Подошел помощник бармена и забрал наши грязные тарелки. Мэриан задумчиво постучала пальцем по столу и снова обратилась ко мне:
- Может, пойдем? Здесь ужасно жарко, правда? Можно в обморок упасть.
- Да, - согласился я.
На этот раз по счету платила она. Когда мы вышли на улицу, она куда-то решительно направилась, а я последовал за ней, предполагая, что она знает, куда идет.
- А что, как скоро у него проявились эти наклонности? - на ходу спросила она, и я растерянно уставился на нее.
- Простите?
- У моего брата, - ответила она. - Я не помню, чтобы у него были пацифистские наклонности, пока он жил дома. Если мне не изменяет память, в школе он был ужасным драчуном. Но потом, когда он решил сложить оружие, его письма стали меня пугать - столько в них было гнева и разочарования. Он разочаровался во многих вещах.

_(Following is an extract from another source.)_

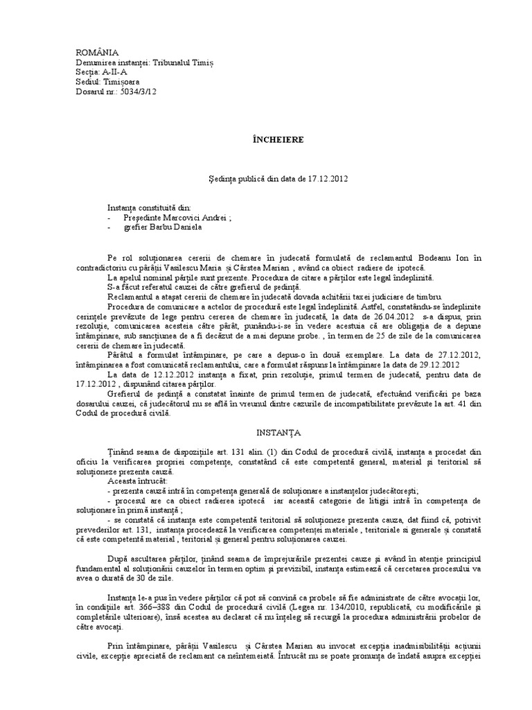 Dispune începerea judecăţii cauzei privind pe inculpata l. Invocarea excepţiei necompetenței materiale funcţionale după primul termen de judecată în condiţiile pronunţării unei încheieri interlocutorii prin care s a reţinut competenţa materială funcţională a instanţei iniţial învestite. O alta practica judecatoreasca. Se stabileşte de preşedintele instanţei sau de judecătorul de serviciu odată cu înregistrarea cererii de chemare în judecată.

- Мне трудно сказать, когда именно это началось, - задумчиво произнес я. - На самом деле, что бы ни говорили газеты и политики, далеко не каждый, кто был там, действительно хотел драться. Все мы располагались в разных точках шкалы - от полных пацифистов до отпетых садистов. Среди нас были кровожадные типы, в которых патриотизм так и бурлил, - дай им волю, они бы и сейчас носились по Европе, убивая немцев. Были и другие - люди, привыкшие анализировать свои поступки. Они выполняли свой долг, делали то, что от них требовалось, но безо всякого удовольствия. Мы с вами уже говорили про Вульфа…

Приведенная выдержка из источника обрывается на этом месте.